Cloudy outlook stifles consumer confidence

Michael Mehr
(Australian Associated Press)


Consumer confidence slipped during the weekend according to an ANZ survey that suggests inflation expectations are at a three-month low amid concerns about the outlook for the Australian economy.

The ANZ-Roy Morgan Australian Consumer Confidence index fell 1.1 per cent from the previous week, with respondents’ views of the economy over the next 12 months sliding 2.6 per cent and sentiment about conditions during the next five years dropping 4.9 per cent.

Perceptions about the economy over the forthcoming year were at the lowest levels since April 2017 and optimism about the five-year period sank to depths last recorded in October 2017.

The weekly measure of consumer mood, which is based on about 1,000 face-to-face interviews conducted on Saturdays and Sundays, also registered a 0.3 per cent increase in people who said they felt better off now compared with a year ago.

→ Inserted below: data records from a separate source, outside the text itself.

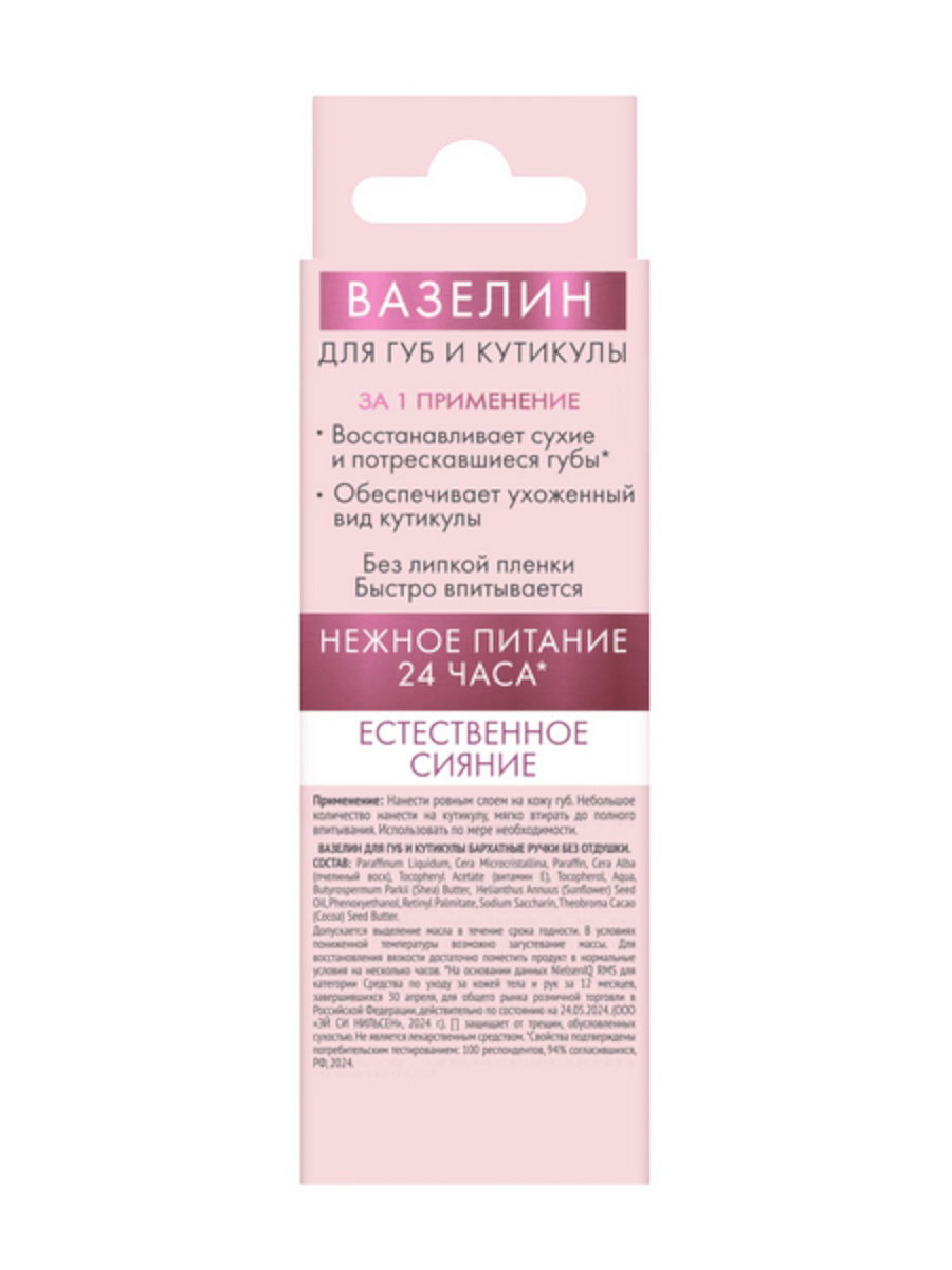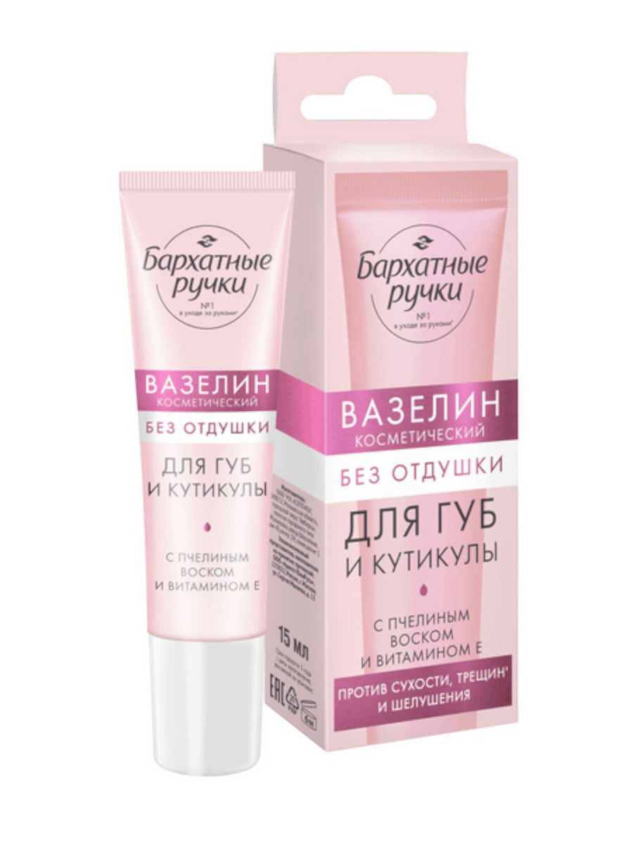 Вазелин для губ и кутикулы без отдушки, 15 мл, 15 мл., Бархатные ручки, Россия
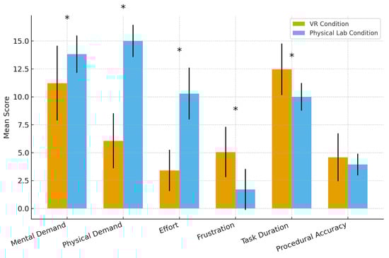 Figure 7. Comparison of mean scores across all metrics between VR and physical laboratory conditions.
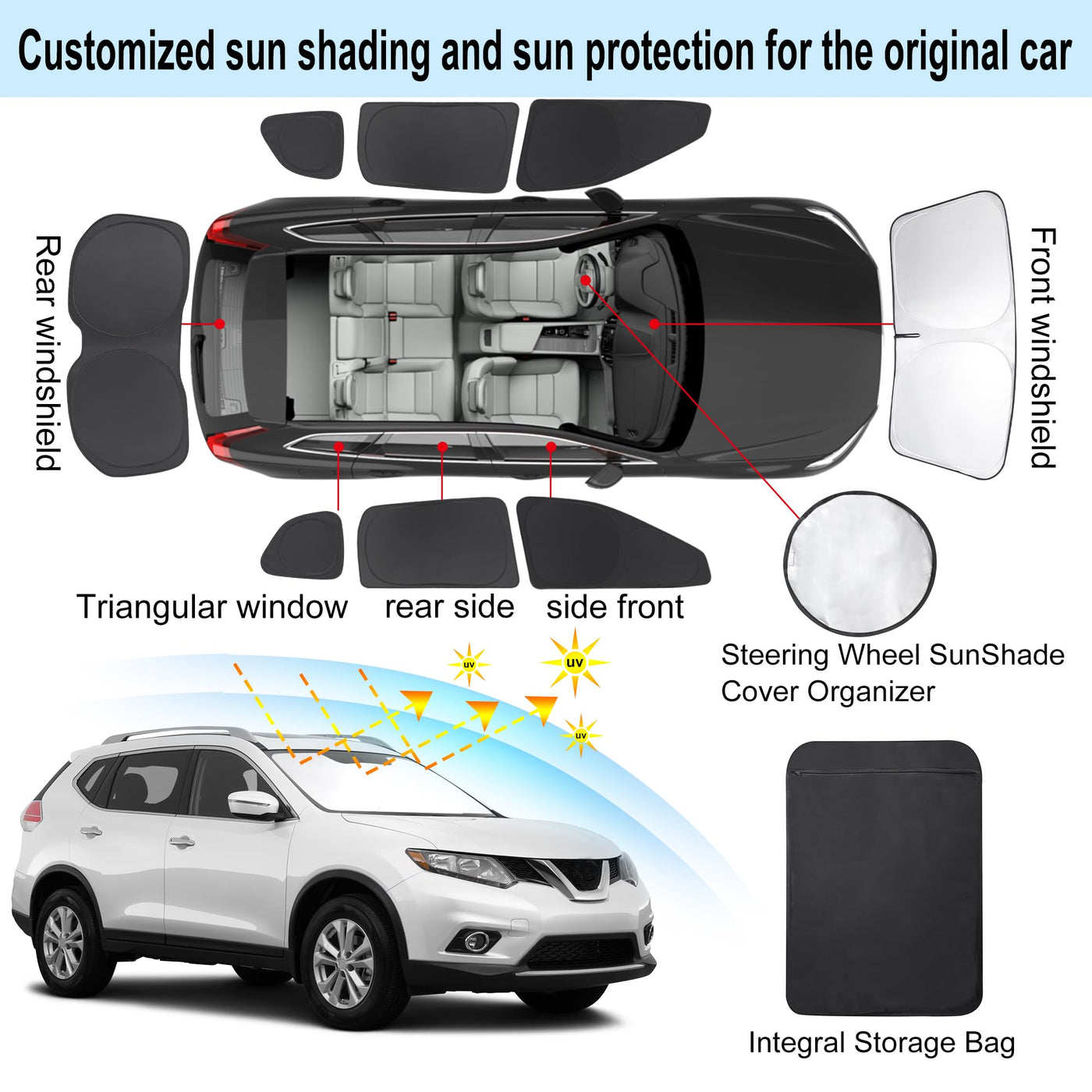 TINGLU Window Shades for Nissan Rogue 2014-2020(NOT for Rogue Sport & 2021 Rogue 3rd Gen. T33) Accessories Full Windows Rear Tri

People’s sense of optimism about the finances of themselves and their family during the next 12 months edged up 0.2 per cent.

The survey’s “time to buy a major household item” metric rose 0.4 per cent.

Respondents in the poll anticipated inflation would reach 3.8 per cent in two years, an expectation that is the lowest since the weekend of August 17-18, down from 4.1 per cent in the previous week.

The Reserve Bank of Australia has a target inflation rate of between 2.0 per cent and 3.0 per cent although the most recent calculation puts it at an annual rate of 1.7 per cent.

“Renewed weakness in the weekly reading of inflation expectations will be a concern for the RBA,” ANZ economist David Plank said.